Gene her zamanki gibi sigarası yoktu. Cengiz otlakçılılığını bilen alt
devreler onun olduğu zamanlar sigara köşesine gelmezlerdi. Gemide de kıçaltında
ki bu bölümden başka sigara içilecek bir yer yoktu. Cengiz teskereci olduğu için
kendisine karışan olmazdı. Saatlerce burada oturur gelenden geçenden bir dal
sigara isterdi. Tam bir saattir buradaydı. Hiç gelen olmamıştı. Sigarasızlık
başına vurmuş iyice sinirlenmeye başlamıştı. Özgür geminin ağır demir kapısını
açtı etrafa bakındı. Cengiz'i görünce yüzünü bir gülümseme kapladı. Dışarı çıktı.

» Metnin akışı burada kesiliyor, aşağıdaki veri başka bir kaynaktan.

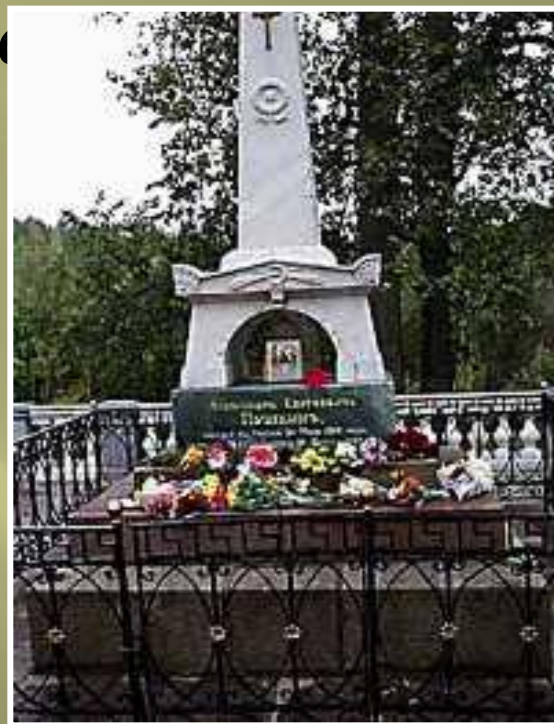
Могила А. С. Пушкина в наше время.

Kapının yuvarlak büyük kilidini zorlukla çevirerek Cengiz'in yanına geldi. Özgür
Kütahyalıydı. Fotoğrafçılıkla uğraşıyordu zayıf acık kumral bir yüzü, küçücük
kafası, kıvırcık saçları vardı. Gözünün biri kayıktı. Bu şaşılık muzip mizacına
çok yakışıyordu. Cengiz'in ensesine hafif bir tokat patlattı.
—Napiyon la hamsi balığı
— Ula senmisun itun eniği. Nereye kaldun
—Geldik işte oğlum alt devreden parloş çarptım
Gömlek cebinden
çıkardığı sigarasını filtre tarafından iki parmağıyla tutup burnuna götürüp
boydan boya sürtüp, kokuyu içine çekti.
—Oh is gibi parloş.
—Yak ula içek
—Olmaz sana veremem
—Niye ula itun eniği
—Dün akşam sen bana tokat atınca sana çok kızdım.
—Eeee
—Allaha büyük yemin ettim bir daha sana sigara vermeyeceğim
—Ula it askerun yeminimu kabul olur.
—Niye olmasın asker Allahın kulu değimli.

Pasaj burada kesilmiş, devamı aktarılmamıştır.